[Mirrored from: http://www.ornl.gov/sgml/wg8/document/1855.htm]

WG8 N1855


Document Processing and Related Communication—

Document Description and Processing Languages

TITLE:Third Interim Report on the Project Editor's Review of ISO 8879
PROJECT: JTC1.18.15.1
PROJECT EDITOR: Dr. Charles F. Goldfarb
STATUS: Approved report
ACTION: For information
DATE: 24 May 1996
DISTRIBUTION: WG8 and Liaisons
REPLY TO: Dr. James D. Mason
(ISO/IEC JTC1/SC18/WG8 Convenor)
Oak Ridge National Laboratory
Information Management Services
Bldg. 2506, M.S. 6302, P.O. Box 2008
Oak Ridge, TN 37831-6302 U.S.A.
Telephone: +1 423 574-6973
Facsimile: +1 423 574-6983
Network: masonjd@ornl.gov

WG8 has directed the Project Editor of ISO 8879 (SGML) to conduct a systematic review of the standard to consider future development. As the review is in its final stages and participation is increasing, this report incorporates the substance of both previous reports (N1605 and N1701) and some other documents in order to reduce the number of documents that need be accessed by new participants.

I. Principles and policy

WG8 has agreed to a set of principles for any future development (JTC1/SC18/WG8 N1289, attached below). These principles ensure that all existing conforming SGML documents will continue to conform after any changes are made to the standard.

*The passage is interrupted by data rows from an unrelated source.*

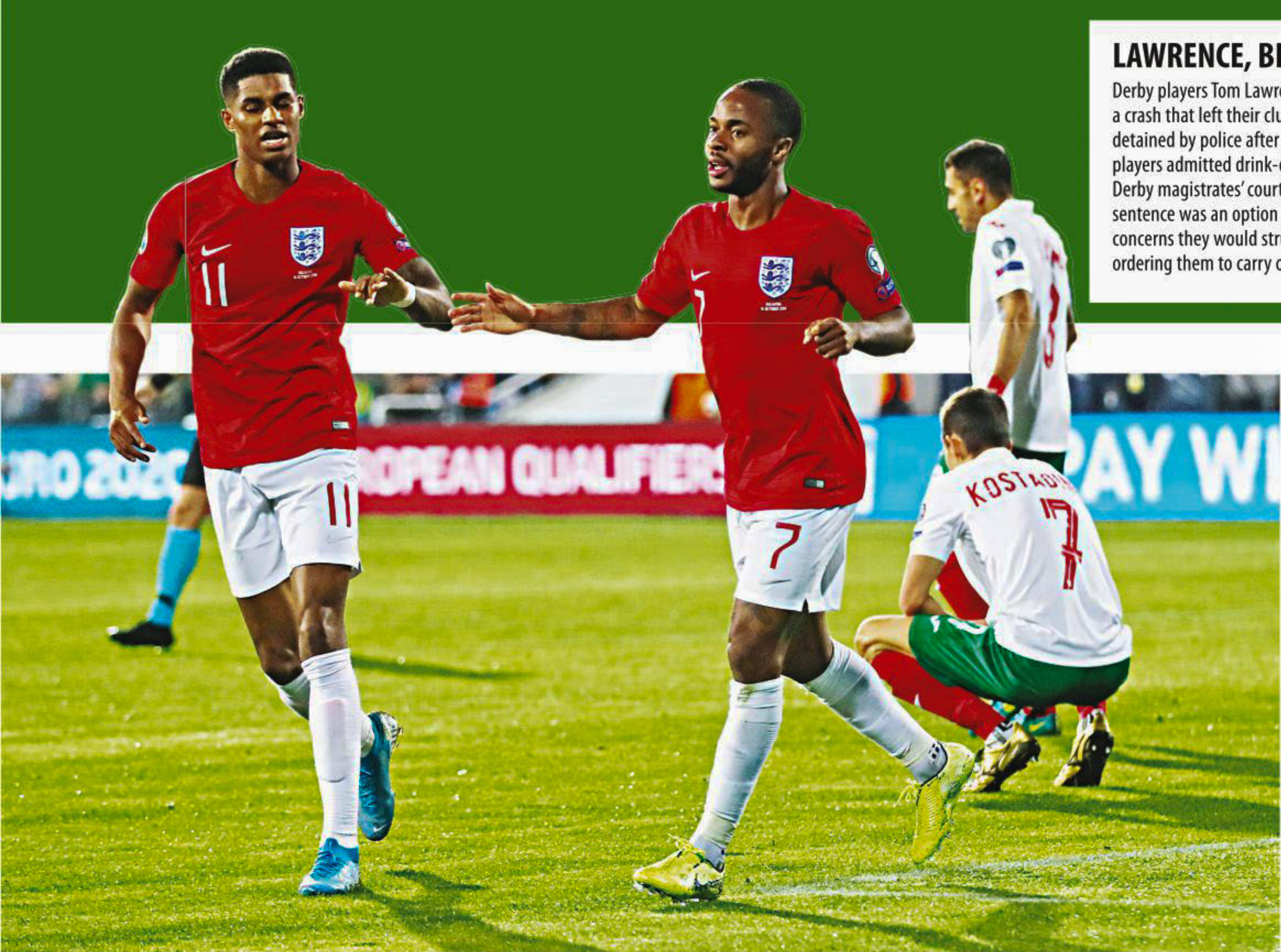
England forwards Marcus Rashford (L) and Raheem Sterling both got their names on the scoresheet during a 6-0 rout of Bulgaria in a 2020 UEFA European Championships qualifier at the Stadion Vasil Levski in Sofia on Monday.
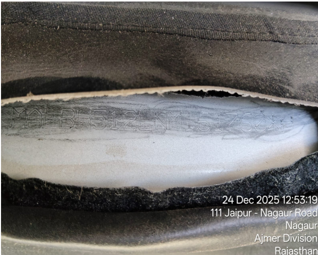
24 Dec 2025 12:53:19 111 Jaipur - Nagaur Road Nagaur Ajmer Division Rajasthan
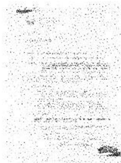
MEMO 45 001.jpg 1170K
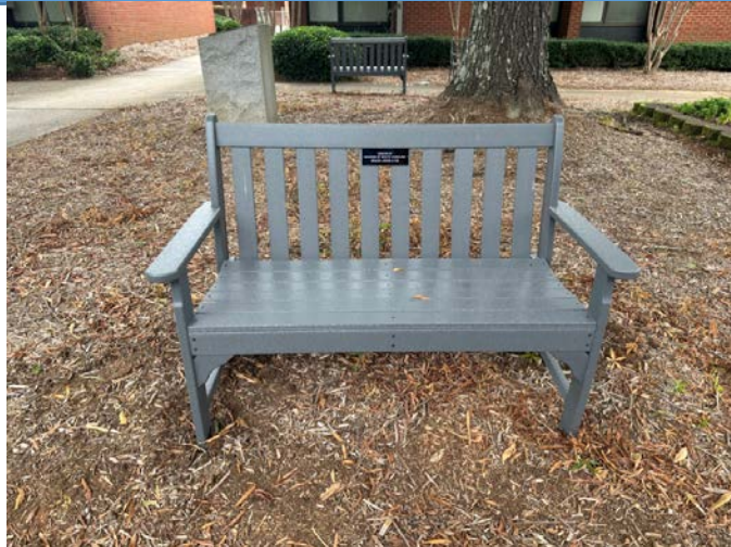
A total of 6 benches were purchased and installed at Richard Michael Campbell's Nursing Home Courtyard in Anderson, SC.
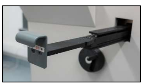
Easy die change in less than 2 minutes
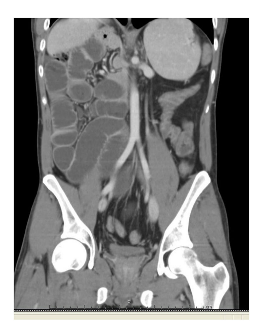
Figure 2 Coronal CT-scan showing abnormal location of the large bowel on the left side of the abdomen and a right-sided small intestine, without signs of bowel strangulation.

A 34-years-old man consulted for recurrent abdominal pain for the past 14 years. Abdominal ultrasound, upper endoscopy up to the second duodenal portion, celiac disease and Helicobacter pylori exams displayed normal results. He was admitted to our emergency department with a new flare of mesogastric pain which worsened with meals and was easily controlled with conventional analgesia. Physical
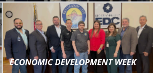
ECONOMIC DEVELOPMENT WEEK
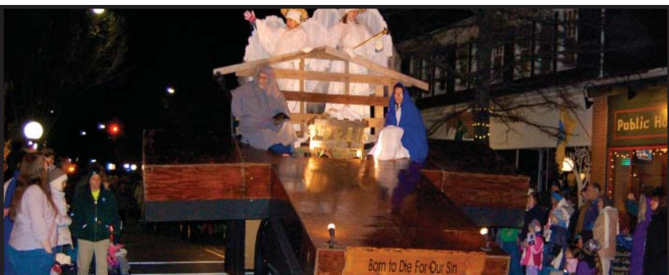
Next Generation Church, Gospel at a Glance
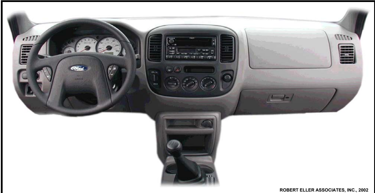
FORD ESCAPE SEDAN, Front View

WG8 has also adopted a policy for the review (JTC1/SC18/WG8 N1350, attached below). The review process ensures that every clause, paragraph, note, and syntax production of ISO 8879 is reviewed.

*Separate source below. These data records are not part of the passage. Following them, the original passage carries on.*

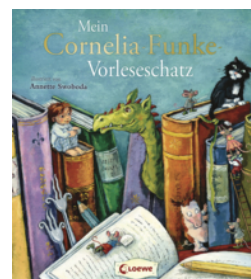
My Cornelia Funke-Reading Treasure
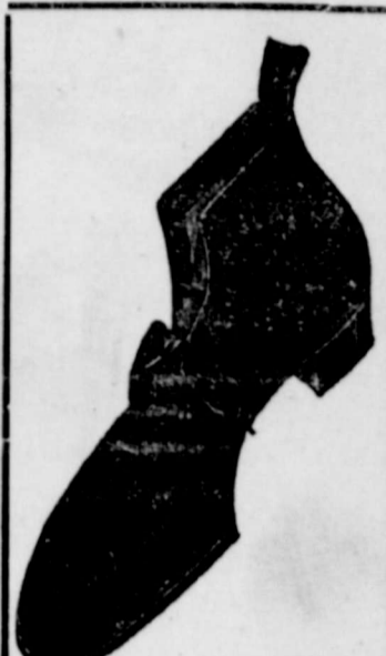
GIESECKE $3.50 SHOE For men. In all leathers and all prevailing styles. None better.

Giesecke Key Brand Shoes Are Always Best. We Have Them.
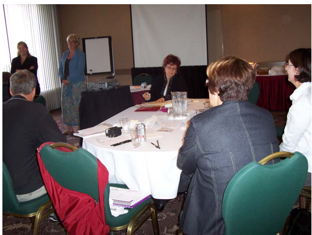
Accreditation Reviewer Orientation – September 2007
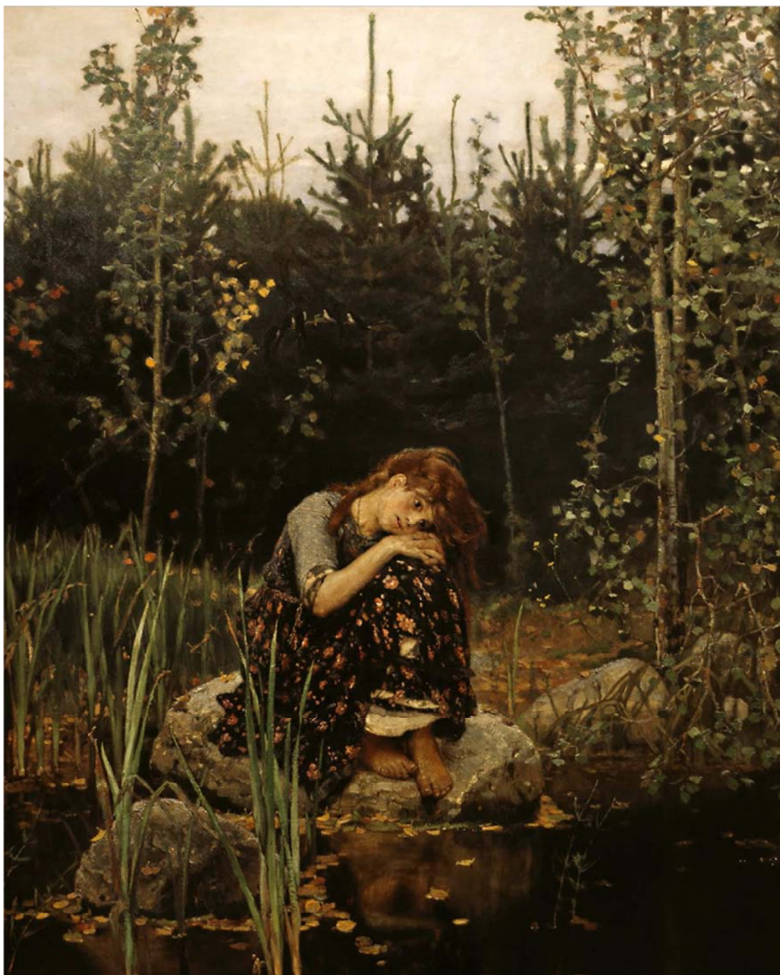
Figure 4. Victor Vasnetsov - "Alyonushka".
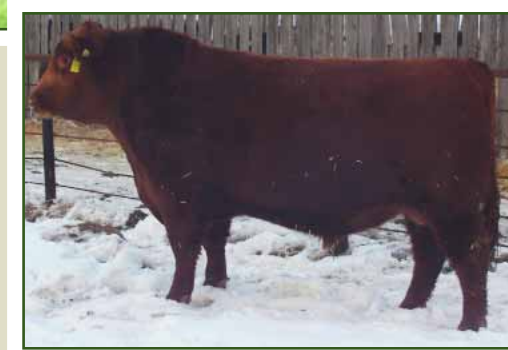
RED BCAR WILDCARD SIRE OF EMBRYO LOT 67

We were very fortunate to acquire Red Ron's Missie 15F privately. She has a perfect udder with very good teat placement, excellent feet and structure you would want in all of your cattle. She has had 5 bull calves, 4 to commercial herds and 1 bull; Red KBJ Rainmaker 963N which we have used heavily in our herd. The sire to the embryo lots is our new herdsire Red Minburn Windy 5178. He has turned heads from all visitors here and we will continue to feature him in our herd.
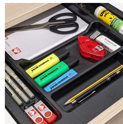
utensil drawer for office supplies
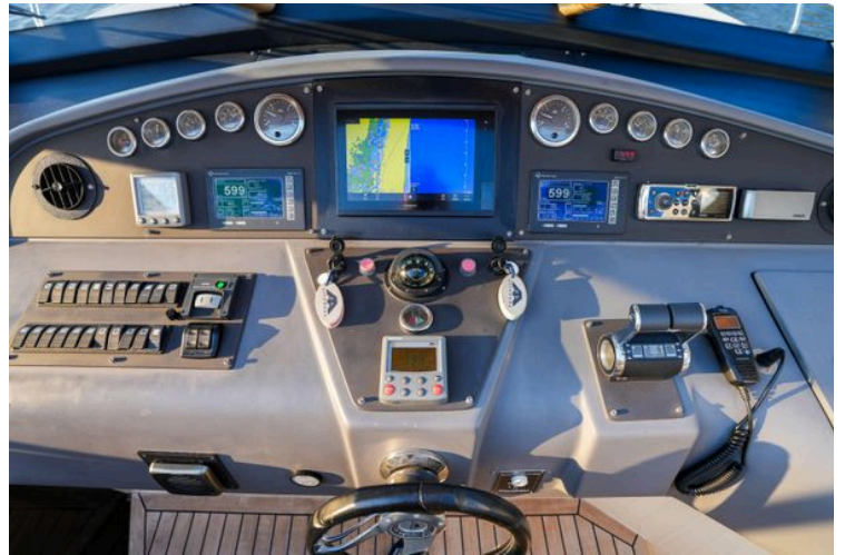
Control panel of a 2007 Astondoa 53 Open Cruiser with navigation and communication equipment.
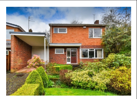
10 Ashfield Road, Compton, Wolverhampton
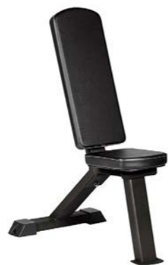
Fixed Bench 70 degrees Art.nr: 153

Length: 76 cm Width: 40 cm Height: 92 cm
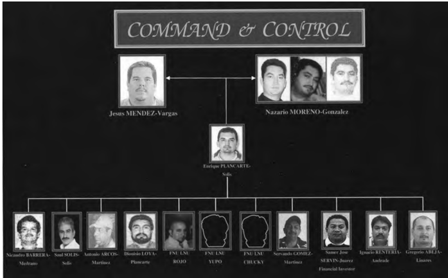
Figure 2. Structure of La Familia Michoacana.

Figure 2 indicates the key members of La Familia. Appendix 2 furnishes a more expansive list of present and former leaders, specialized operators, and notable apparatchiks.
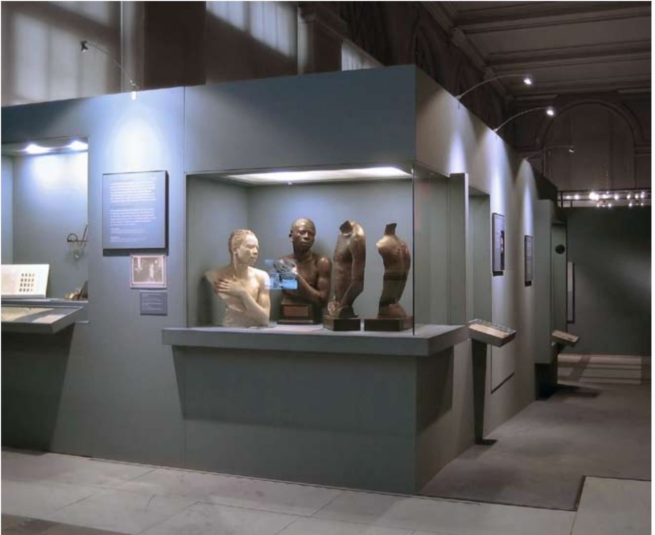
Peggy Buth, Desire in Representation , 2004–2009 Series of 70 photographs
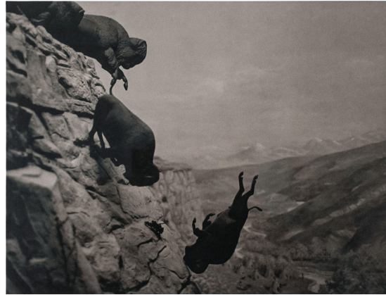
L to R: Roméo Mivekannin, The Dancer, after Yayoi Kusama , 2026, acrylic, elixir bath on velvet, 94.5 x 59.1 in. | 240 x 150 cm; Willem de Kooning, Untitled (Head) , 1951; David Wojnarowicz, Untitled (Buffaloes) , 1988, printed 1994, platinum print on rag paper, 10 5/8 x 13 7/8 inches, Edition 70 of 100.

The Aspen Art Fair VIP Preview Day: Wednesday, July 29, 2026 11am–6pm | Tickets HERE
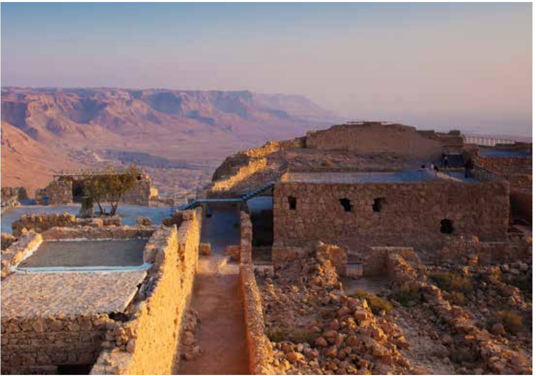
We explore the ruins at legendary Masada on Day 8.

Nazareth, now a center of Christian pilgrimage. Here we visit the Church of the Annunciation, the largest church in the Middle East and where the archangel Gabriel told the Virgin Mary that she would give birth to Jesus. We enjoy lunch at a family-run dairy farm then continue to Safed, center of Jewish mysticism, home to many artists, and where we stroll the medieval streets. We visit some of the galleries here before returning to our hotel, where we dine tonight. B,L,D

At the Munich meeting in May, 1996, the following additional policy provisions were adopted:

  1. The standard shall be designed so that it is practical for documents to be created with ordinary (i.e., not SGML-aware) text editors. This principle does not justify the addition of excessive markup minimization techniques.
  2. A major objective of SGML is that SGML documents shall be processable by any conforming SGML system. Although a conforming SGML system could store documents in a proprietary format that describes portions of the SGML information set, such a format alone is insufficient for conformance. It is therefore required that conforming SGML systems, if they read pre-existing SGML documents, shall be able to import and, if they write SGML documents, shall be able to export those SGML documents in a "plain text" storage format. A "plain text" storage format is provisionally defined as one that is capable of being read and written by commonly used text editors and file utilities that do not inherently interpret specialized notations such as SGML or proprietary formats of particular products. Some examples of editors whose native storage format is plain text are DOS EDIT and EDLIN, Windows Notepad (but not Write or Wordpad), UNIX EMACS and VI, and Macintosh TeachText and SimpleText.

II. Review activities

The review has been structured in two related activities:

Activity 1. Information described by SGML markup

The objective of this activity is to define explicitly the information described by the SGML syntax and to group it, as appropriate, into useful "information sets", such as the Element Structure Information Set (ESIS) (see annex A of ISO/IEC DIS 13673).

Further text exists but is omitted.